Species of flowering plant

Asarum acuminatum, also known as hydra ginger, is a species of flowering plant in the birthwort family Aristolochiaceae. It is native to the north-central and east-central regions of the United States where it occurs primarily in rich deciduous forests.

==Description==
Asarum acuminatum is a long-lived perennial, herbaceous plant that persists by means of an underground rhizome. Its leaves are typically paired, broadly cordate, and arise directly from the rhizome. The flowers are solitary and borne at ground level. The calyx tube is approximately 10–20 mm long, with calyx lobes that are long-caudate (15–35 mm), initially erect to ascending at anthesis and becoming more spreading as the flower matures.

==Taxonomy==
Asarum acuminatum was originally described as Asarum canadense var. acuminatum by William Willard Ashe in 1897. It was elevated to species rank by Eugene P. Bicknell in 1898. The epithet acuminatum, which means "with a long, narrow and pointed tip", refers to the tips of the calyx-lobes. Bicknell referred to the plant as the "long-tipped wild ginger".

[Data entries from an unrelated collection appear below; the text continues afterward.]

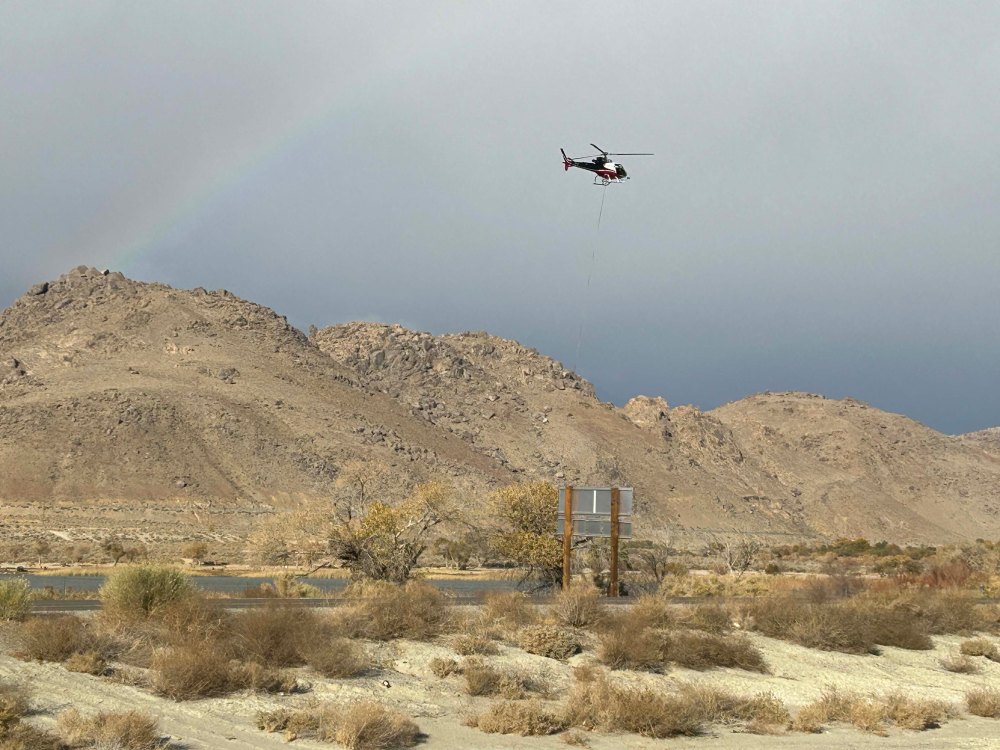 At this point we were stuck but thankfully we had solar power and water so we settled in to wait it out. No one ever came to tell us the roads were clear but around 8am we decided to drive down and saw the fires were better and the highway was open. We even got to see a helicopter with a water bucket making flights to the sight and saw a rainbow which led me to believe it maybe had rained in the mountains which might have helped some.
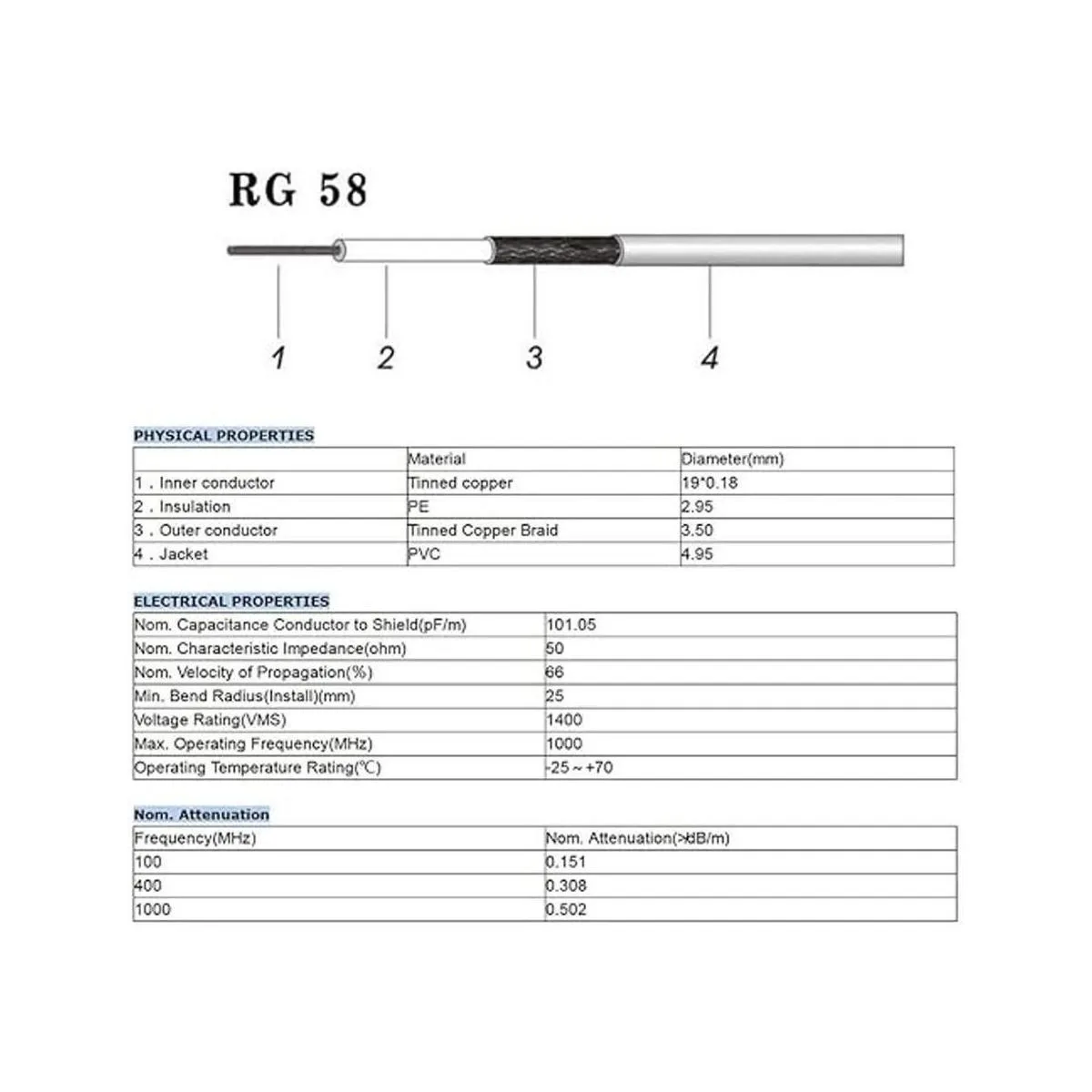 Conector: cobre, alta calidad; Cable: cable coaxial RG58; longitud: 118.1 in; impedancia: 50 ohmios
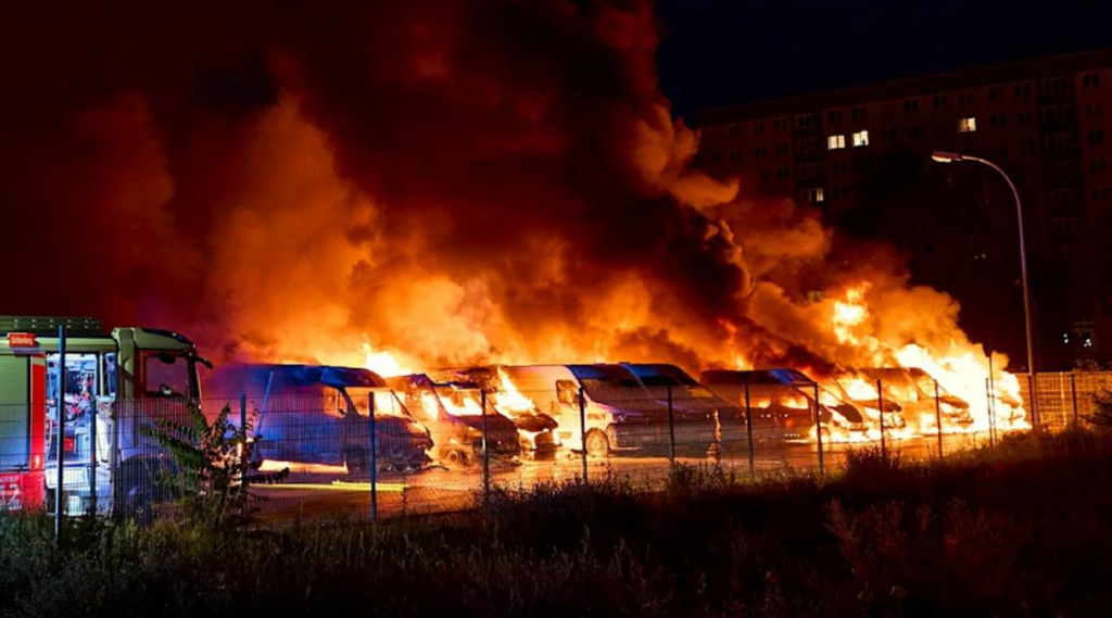 V noci z pondělí na úterý 17. června 2025 shořelo v Berlíně třicet šest dodávek patřících válečným spekulantům Telekom a Amazon: 17 vozidel první z těchto firem ve čtvrti Lichtenberg a 19 vozidel druhé ve čtvrti Britz, a to v rozmezí několika minut kolem třetí hodiny ráno.
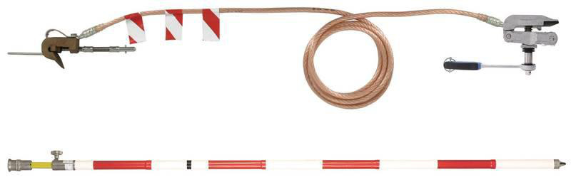 Erdungs- und Kurzschließvorrichtungsset (nicht profilfrei) nach DIN VDE 0683-100 (EN/IEC 61230) zum Erden und Kurzschließen elektrischer Oberleitungen an der Arbeitsstelle nach DIN VDE 0105-100 (EN 50110). Inklusive Teleskop-Erdungsstange und einpolige Erdungs- und Kurzschließvorrichtung, 8,5 m lang, Ausführung Ratsche.

In the 8th edition of Gray's Manual initially published in 1950, the American botanist Merritt Lyndon Fernald accepted the name Asarum canadense var. acuminatum Ashe. In 1997, the influential Flora of North America considered that name to be a synonym of Asarum canadense L. More recent treatments accept it as a distinct species. However, a 2025 master's thesis by Brett Lambert, using morphological and genome-wide SNP data, concluded that A. acuminatum substantially overlaps with A. canadense and is best treated as Asarum canadense var. acuminatum.

==Distribution and habitat==
Asarum acuminatum is native to the central and eastern United States, including Alabama, Arkansas, Illinois, Indiana, Iowa, Kentucky, Michigan, Minnesota, Missouri, North Carolina, Tennessee, Virginia, and Wisconsin.

It occurs primarily in rich deciduous forests, often in mesic, shaded habitats with well-developed soils.

==Ecology==
Like other species in the genus, Asarum acuminatum is a low-growing forest herb adapted to shaded environments. Flowering typically occurs from April to May. Its ground-level flowers are thought to be pollinated by small insects, and its seeds are likely dispersed by ants (myrmecochory), a common trait in the genus.

==Bibliography==
- Britton, Nathaniel Lord (1898). "An illustrated flora of the northern United States, Canada and the British possessions"
- Fernald, Merrit Lyndon (1970). "Gray's Manual of Botany"
- Gledhill, David (2008). "The Names of Plants"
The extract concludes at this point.